Billet invité.
Faute de mieux, les démocrates et républicains américains jouent cette fois-ci à se faire peur devant l’opinion ; ils laissent agir le mécanisme des coupes budgétaires automatiques, mis en place en août 2011, au lieu d’en éviter de justesse l’application comme en décembre dernier. Avec la perspective d’affronter une autre échéance, le 27 mars prochain : celle du plafonnement de la dette.
Ces jours derniers, les démocrates énuméraient les conséquences des coupes tandis que les républicains, qui ne veulent pas en supporter la responsabilité, tentaient de dédramatiser la situation. Mais, au-delà de ces jeux politiques, les derniers chiffres de l’économie américaine sonnent vrai : la croissance a quasiment stagné au dernier trimestre 2012, établie à 0,1%, et la Fed que l’on présentait prête à revenir sur ses dispositions les plus accommodantes en réaffirme au contraire l’importance (même si l’on peut douter de ses effets sur l’économie réelle.)

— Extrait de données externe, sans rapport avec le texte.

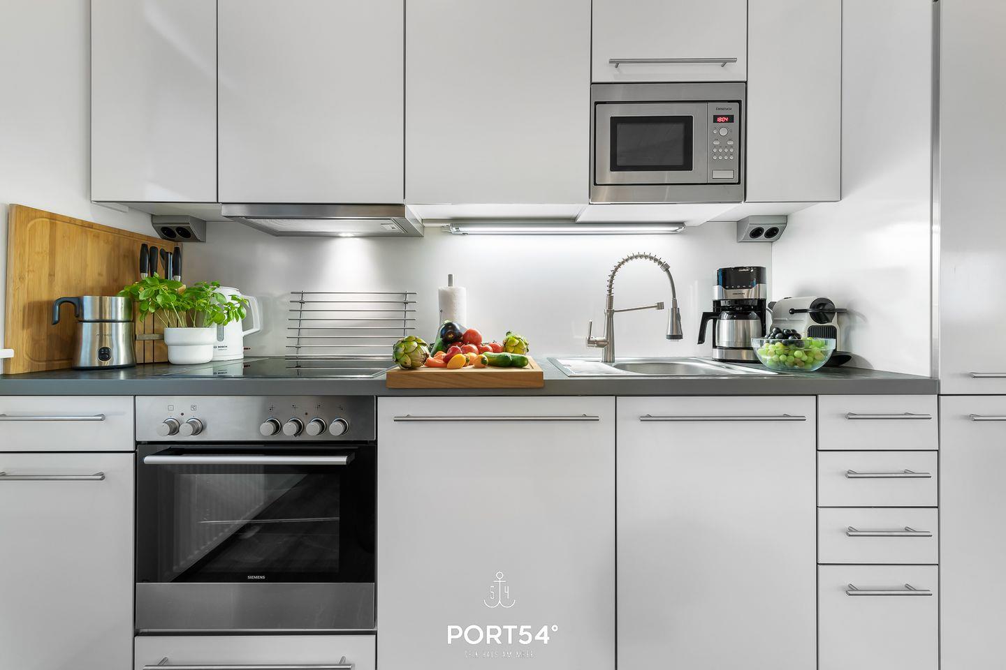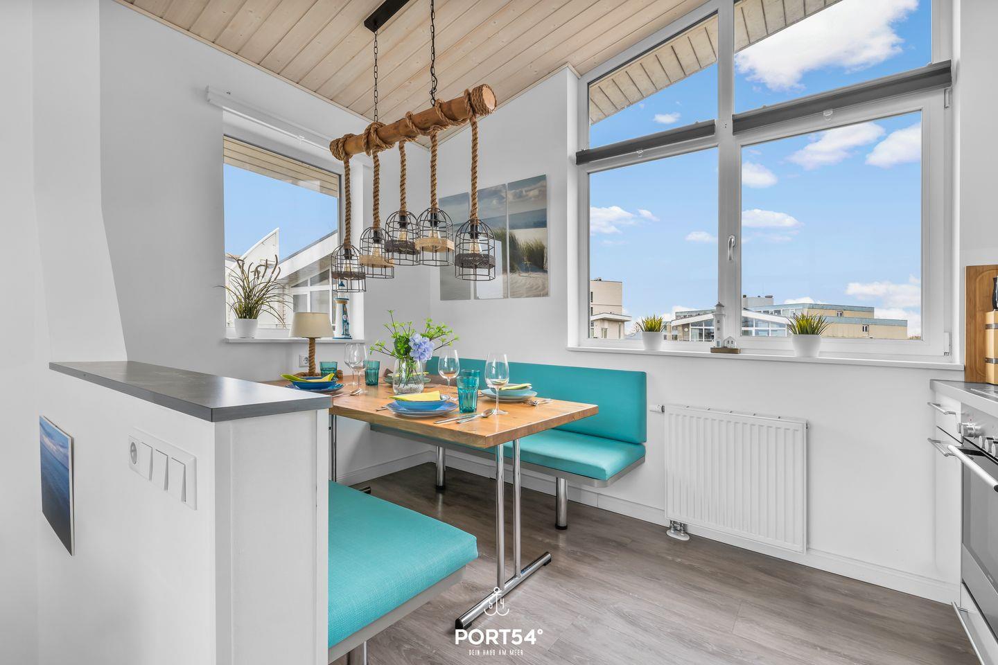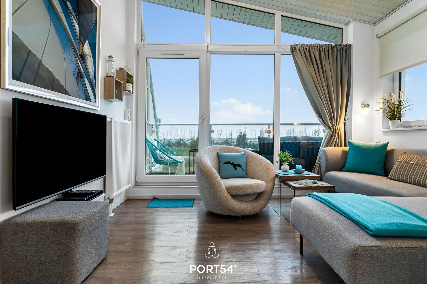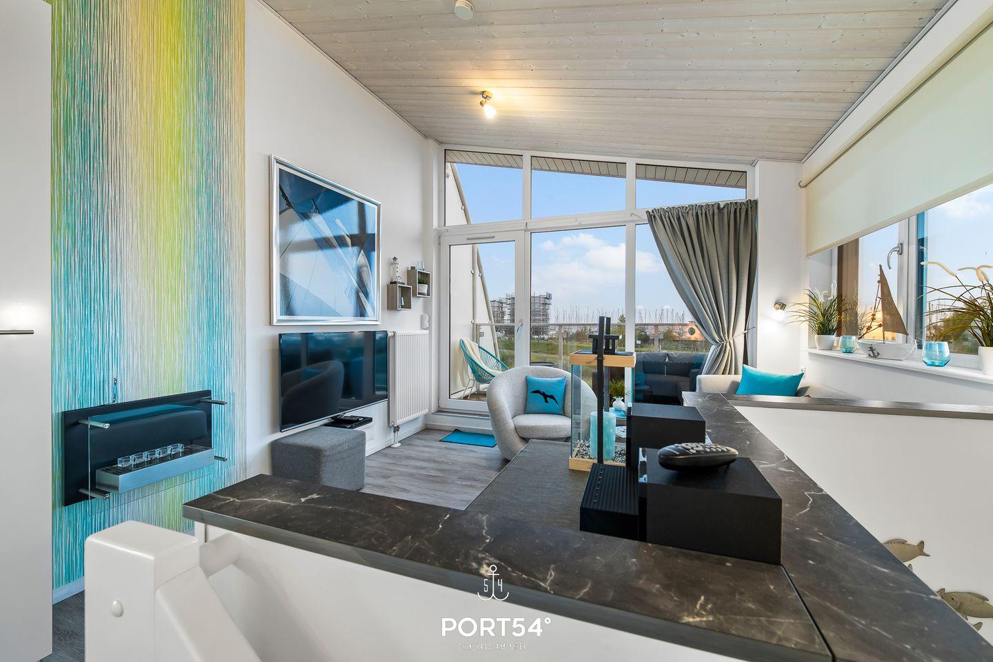 Freue dich auf einen einzigartigen Meerblick vom Sofa, Sessel oder dem gemütlich eingerichteten Balkon und beobachte die großen und kleinen Schiffe, die nach Kiel und in den Nord-Ostsee-Kanal ein- und auslaufen. Ein großer Spaß für große und kleine Urlauber. Im Obergeschoss erwartet dich durch bodentiefe Fenster ein offener, lichtdurchfluteter Wohn- und Essbereich mit geschmackvoller, maritimer Einrichtung. Der gemütliche Wohnbereich bietet ein komfortables Ecksofa, einen Drehsessel mit Fußhocker für entspannte Momente, einen großen 50-Zoll-SmartTV, einen Bioethanol-Kamin und den den Zugang zum Balkon. Auch von der Essecke aus genießt du den herrlichen Meerblick. Die hervorragend ausgestattete Küche mit Induktionskochfeld und umfangreichem Kücheninventar lädt zum Kochen ein. Für Kaffee- und Espressoliebhaber gibt es sowohl eine Kaffee- als auch eine Nespressomaschine und als kleines Highlight einen Milchaufschäumer für herrlichsten Cappuccino, mit dem selbstverständlich auch eine heiße Schokolade zubereitet werden kann. Die vorhandene Klimaanlage verspricht ein angenehmes Innenraumklima an heißen Sommertagen.
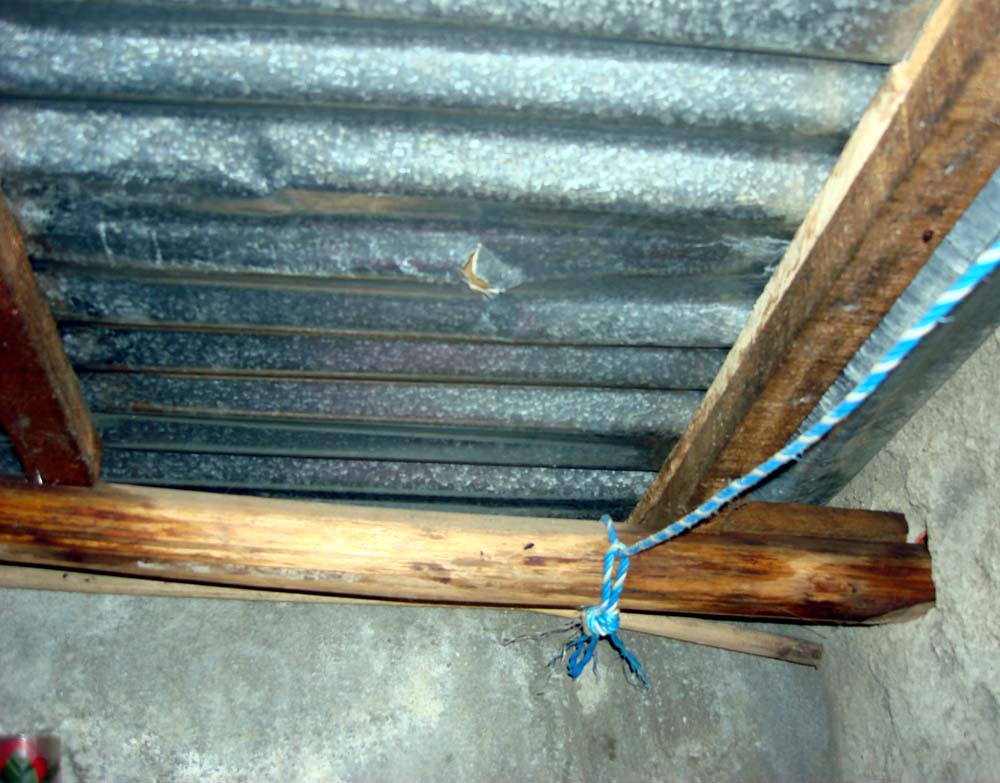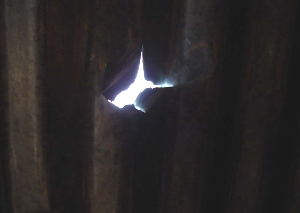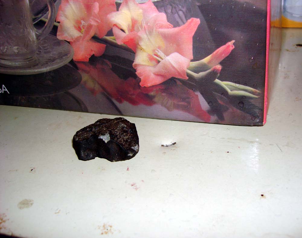 ![]() Another view of the damage caused by the impact of the Cali #003 meteorite. From examinations of the hole, we can tell that the stone entered lengthwise, with one end hitting the roof, and there is matching damage on the point of the stone.

En fait de crise politique, celle qui se déroule en Italie n’est rien comparée à celle qui paralyse les États-Unis. Les deux grands partis ont des conceptions opposées de la manière de réduire le déficit public et ne veulent pas en démordre. Pour faire simple, les démocrates privilégient l’augmentation des impôts des plus fortunés et les républicains la réduction des dépenses de l’État. Et Ben Bernanke, le président de la Fed, essaye de promouvoir une autre voie, car il voit dans le maintien du chômage à un niveau élevé une atteinte à « la vitalité et au potentiel économique de notre économie dans son ensemble », risquant de déboucher sur « une hausse du déficit et de la dette », ce qui n’est pas spécialement l’objectif. Au final, il a suggéré que « le Congrès et le gouvernement devraient envisager de remplacer les brusques coupes dans les dépenses par une politique qui réduirait le déficit de l’État fédéral plus graduellement à court terme mais plus fortement à long terme ».
Si un seul éclairage devait être donné, le secteur des prêts étudiant résume au mieux la situation. Dans un pays où les études supérieures, au coût très élevé, est financé par des prêts bancaires, les étudiants parviennent de moins en moins à les rembourser, une fois diplômés, faute d’un emploi ou d’une rémunération le permettant. Après le crédit immobilier, les prêts étudiants sont devenus le deuxième poste d’endettement des ménages.
La Fed va donc continuer à tenir financièrement à bout de bras le pays, achetant sa dette et pesant sur les taux pour qu’ils restent au plus faible, aboutissant à la dévaluation du dollar et favorisant la spéculation monétaire. C’est à ce prix, payé par les autres, que les États-Unis sont et restent pour l’instant la première puissance économique mondiale. Mais ce qui est nouveau est que ce prix est également payé dans le pays.
Les prophètes de bon augure prédisent sa réindustrialisation grâce à la production de gaz de schiste et au miracle d’une nouvelle source d’énergie à bas prix. Il faut toujours qu’il y ait un petit coin de ciel bleu ! D’autres analystes mettent en avant la robotisation renforcée de la production qui s’annonce, laissant peu d’espoir pour la baisse d’un chômage devenu structurel. Et posant un grand point d’interrogation sur cette vision dans un pays où la consommation est le grand moteur de la croissance. Les États-Unis, c’est bien connu, font toujours les choses en grand et en avance. Ils ont un peu perdu la main au sein de cette crise, devancés par les Européens, mais pourraient vite se rattraper, la dynamique qui était la leur étantbrisée.
P.S.< \u> : Frédéric Oudéa, le Pdg de Société générale, a choisi fort à propos l’antenne de la télévision d’information économique et financière américaine CNBC pour délivrer son message à propos de la France : « Nous pouvons accepter des impôts élevés pour une courte période, mais à partir d’un certain moment, cela nuit à l’économie. J’espère donc voir les impôts baisser en France à un moment donné ». Il a précisé : « Nous devrions nous concentrer d’abord sur la baisse des dépenses publiques (…) Nous avons commencé en France mais plus doit être fait. La deuxième chose, c’est de réformer le marché du travail pour augmenter la compétitivité ».